И, круто повернувшись к ней спиной, удалился.
Когда он попытался ночью прийти к ней, она заявила, что по еврейскому обычаю в эту покаянную пору женщинам полагается спать одним. Тут уж гнев его вырвался наружу. Ах, он должен считаться с её дурацкими суевериями? Или она думает этой новой уловкой выманить у него указ для своих евреев? Значит, из-за них она отказывает ему?
Вперив в неё бешеный взгляд, он угрожающе тихо произнес:
— Ты смеешь ставить мне условия, да? Чтобы я впустил твоих паршивых евреев в свою страну, а ты за это впустишь меня сегодня ночью к себе, да? Этого я не потерплю. Я хозяин здесь в доме, здесь в стране!
Она смотрела на него широко раскрытыми серыми глазами, полными жалобы, укора, ужаса, но не страха. Это окончательно взорвало его. Он набросился на нее, швырнул на ложе, схватил, как хватают врага. Она сопротивлялась, задыхаясь. Он снова насильно бросил её на ложе и, не выпуская, сам тяжело дыша, в клочья разорвал на ней одежду и молча, яростно, грубо, без наслаждения овладел ею.
В ту же ночь Ракель покинула Галиану. Она ушла в кастильо Ибн Эзра.
Альфонсо слышал, как она уходила вместе с кормилицей Саад. Дорога вверх на скалистый Толедский холм была короткая, но небезопасная в темноте. Поколебавшись, он послал за ней следом вооруженного провожатого. Тот не догнал ее.
«Так ей и надо, — злорадно подумал Альфонсо. — Сама меня до этого довела. Все к лучшему. Значит, так угодно небесам. Теперь ничто меня не удержит. Теперь уж я пойду войной на неверных. Она одна виновата, что я так долго и постыдно мешкал. Арагонский вертопрах просчитался. Провидению неугодно, чтобы я предавался сладострастию, пока он будет бить неверных».
К утру он принял решение показать великодушие и еще один день пробыть в Галиане. На случай, если она вернется. Несмотря на свой справедливый гнев, он хотел расстаться с ней по-дружески. Ведь много прекрасного пережито здесь, и нельзя, чтобы все это оборвалось так нелепо и некрасиво.
Он слонялся по дому и парку, судорожно стараясь быть веселым. Далила, видите ли, желала предать его филистимлянам, но он не такой дурак, как Самсон, у него не похитишь его силу. Оказалось, что прекрасная жизнь в Галиане попросту эспехисмо, мираж пустыни.
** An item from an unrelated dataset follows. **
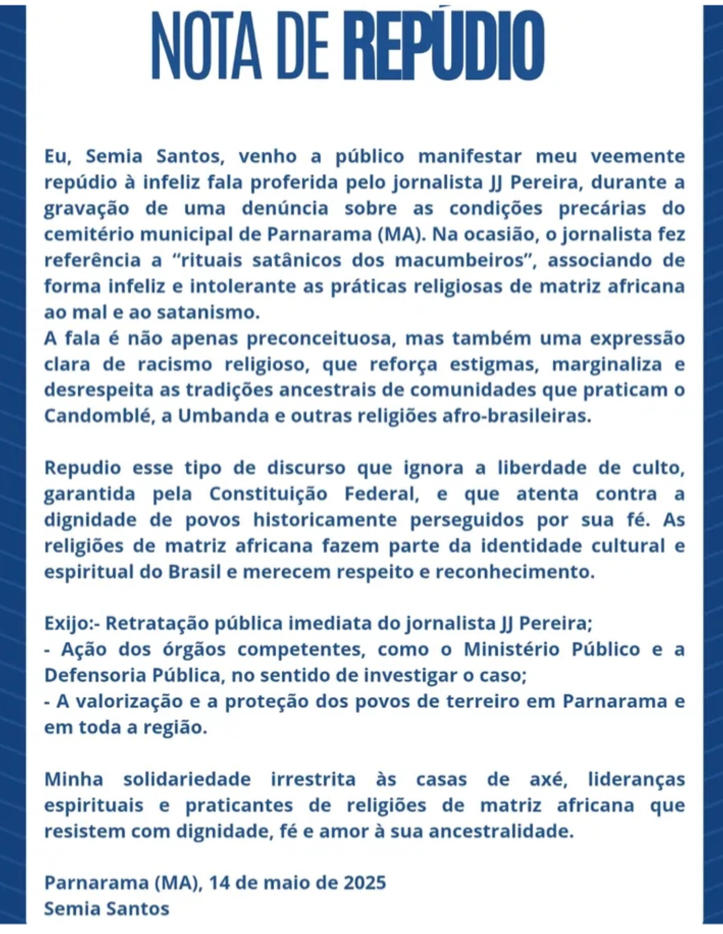 A ativista Semia Santos veio a público nesta terça-feira (14) manifestar veemente repúdio à fala do jornalista JJ Pereira, proferida durante a gravação de uma denúncia sobre as condições do cemitério municipal de Parnarama. Segundo Semia, o jornalista associou de forma pejorativa e intolerante as religiões de matriz africana ao satanismo, referindo-se a “rituais satânicos dos macumbeiros”.

Ну вот, свежий ветер развеял это наваждение, и теперь его окружает здоровая действительность.
Он остановился перед мезузой, которую Ракель велела прибить над дверьми. Это была трубка из драгоценного металла, а в застекленном отверстии угрожающе чернели слова заповедей Шаддаи. Ему очень хотелось сорвать эту языческую дребедень, но он побоялся навлечь на себя гнев её бога и удовольствовался тем, что кулаком разбил стекло. Осколки поранили ему руку, потекла кровь, он стер ее, но кровь все текла; злобно смеясь, смотрел он на кровоточащую руку. Пусть теперь подивятся все, кто думал, что он разнежился здесь. Нет, теперь он ринется в бой. Он будет разить и крушить своим славным мечом. В угодном богу честном мужском бою выбьет он из души все эти глупые помыслы и очистит свою кровь от грехов, от сомнений, от гнетущей, расслабляющей языческой дури.
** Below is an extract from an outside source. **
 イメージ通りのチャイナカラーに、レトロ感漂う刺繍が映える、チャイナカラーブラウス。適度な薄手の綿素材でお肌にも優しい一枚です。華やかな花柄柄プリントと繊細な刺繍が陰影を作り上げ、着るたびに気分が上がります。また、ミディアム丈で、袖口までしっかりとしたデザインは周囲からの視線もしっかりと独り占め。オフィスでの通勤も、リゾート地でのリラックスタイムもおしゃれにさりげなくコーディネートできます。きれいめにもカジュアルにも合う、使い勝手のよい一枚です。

— Может статься, любезный, твои надежды сбудутся скорее, чем ты думаешь, с наигранной веселостью сказал он садовнику Белардо. — Доставай-ка дедовский кожаный колет и шлем. Я дам тебе случай проветрить их.
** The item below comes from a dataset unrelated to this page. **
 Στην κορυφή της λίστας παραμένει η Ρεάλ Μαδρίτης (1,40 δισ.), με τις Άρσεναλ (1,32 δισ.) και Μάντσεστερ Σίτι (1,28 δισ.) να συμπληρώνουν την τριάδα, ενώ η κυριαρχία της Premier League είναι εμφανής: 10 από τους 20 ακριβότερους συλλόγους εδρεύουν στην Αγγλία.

Белардо, казалось, скорее удивился, чем обрадовался.
— Я готов служить твоему величеству всем, что у меня есть, в том числе и дедушкиным кожаным колетом. Но кому-то надо остаться здесь и орудовать лопатой. Ведь ты, государь, не захочешь, чтобы твой сад пришел в запустение?
Уклончивость садовника озадачила Альфонсо.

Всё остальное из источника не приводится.